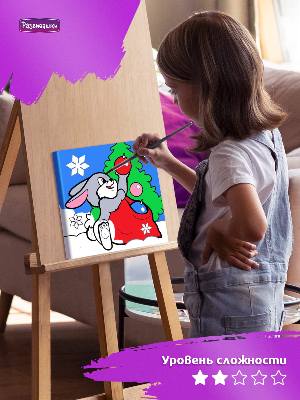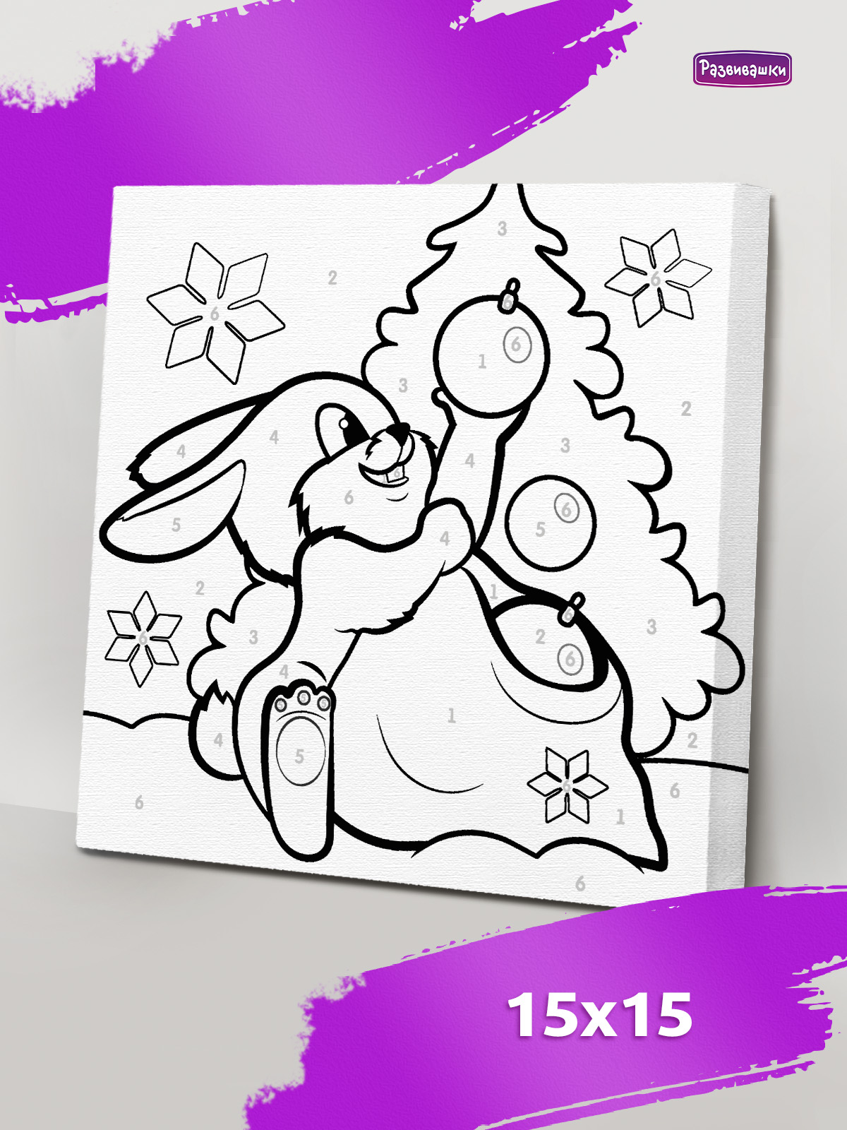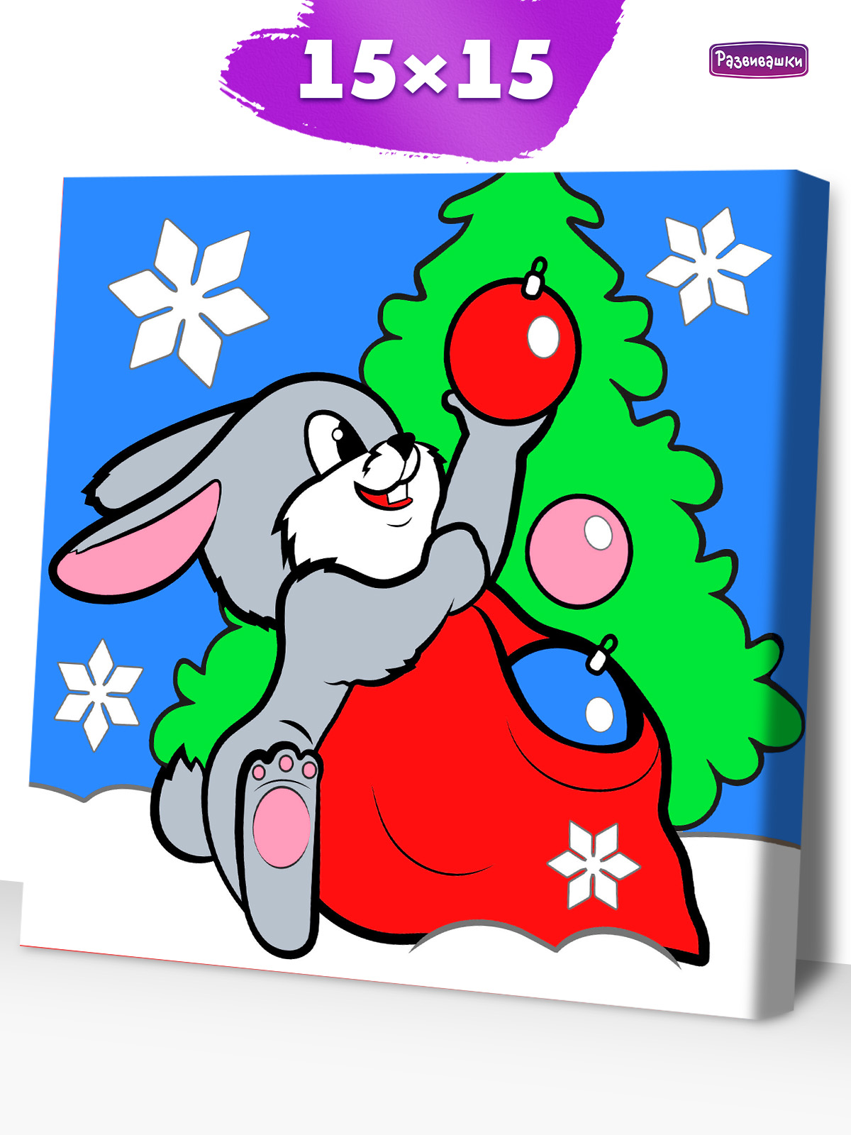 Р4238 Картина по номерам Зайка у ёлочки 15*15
********************
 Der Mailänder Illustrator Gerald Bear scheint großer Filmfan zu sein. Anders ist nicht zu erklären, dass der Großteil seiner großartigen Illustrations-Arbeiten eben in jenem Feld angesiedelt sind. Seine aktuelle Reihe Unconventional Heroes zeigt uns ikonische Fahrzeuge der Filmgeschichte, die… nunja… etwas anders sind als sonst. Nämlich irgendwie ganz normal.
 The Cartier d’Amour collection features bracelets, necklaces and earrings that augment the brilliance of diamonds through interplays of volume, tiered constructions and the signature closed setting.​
********************
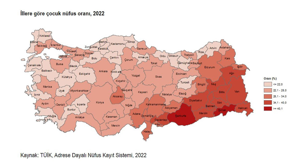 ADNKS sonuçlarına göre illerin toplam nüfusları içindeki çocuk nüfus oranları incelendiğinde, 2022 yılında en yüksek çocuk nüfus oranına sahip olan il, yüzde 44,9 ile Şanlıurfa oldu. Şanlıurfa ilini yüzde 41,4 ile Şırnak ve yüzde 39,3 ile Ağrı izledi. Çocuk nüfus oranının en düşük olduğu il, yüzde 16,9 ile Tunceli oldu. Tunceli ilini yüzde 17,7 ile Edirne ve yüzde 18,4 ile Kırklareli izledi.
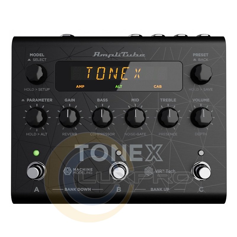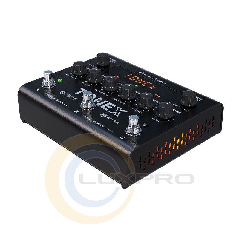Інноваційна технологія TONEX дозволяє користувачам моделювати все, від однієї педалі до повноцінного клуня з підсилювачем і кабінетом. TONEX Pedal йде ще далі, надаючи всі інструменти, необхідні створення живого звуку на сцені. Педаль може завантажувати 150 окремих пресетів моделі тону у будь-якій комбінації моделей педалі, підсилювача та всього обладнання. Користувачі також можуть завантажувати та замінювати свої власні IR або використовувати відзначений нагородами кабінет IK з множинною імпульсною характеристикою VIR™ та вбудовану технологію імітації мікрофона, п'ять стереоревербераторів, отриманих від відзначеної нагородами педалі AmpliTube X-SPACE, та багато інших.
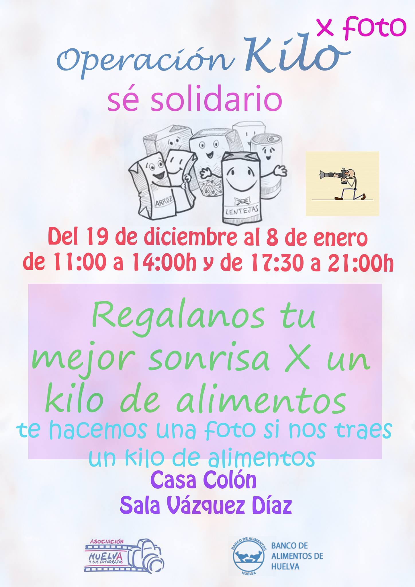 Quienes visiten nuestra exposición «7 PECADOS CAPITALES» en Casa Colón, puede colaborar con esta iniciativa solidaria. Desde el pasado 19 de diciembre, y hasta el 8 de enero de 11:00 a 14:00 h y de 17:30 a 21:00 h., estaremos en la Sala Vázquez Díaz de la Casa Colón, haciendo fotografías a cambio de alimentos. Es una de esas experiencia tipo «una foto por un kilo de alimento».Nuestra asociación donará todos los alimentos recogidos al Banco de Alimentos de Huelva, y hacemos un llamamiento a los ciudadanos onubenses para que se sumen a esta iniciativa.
********************
**Work order**:
Lines to set down from above: the line with "Der Mailänder Illustrator", the line with "The Cartier d’Amour", and every line between, each exactly as written.

**Output for this task**:
 Der Mailänder Illustrator Gerald Bear scheint großer Filmfan zu sein. Anders ist nicht zu erklären, dass der Großteil seiner großartigen Illustrations-Arbeiten eben in jenem Feld angesiedelt sind. Seine aktuelle Reihe Unconventional Heroes zeigt uns ikonische Fahrzeuge der Filmgeschichte, die… nunja… etwas anders sind als sonst. Nämlich irgendwie ganz normal.
 The Cartier d’Amour collection features bracelets, necklaces and earrings that augment the brilliance of diamonds through interplays of volume, tiered constructions and the signature closed setting.​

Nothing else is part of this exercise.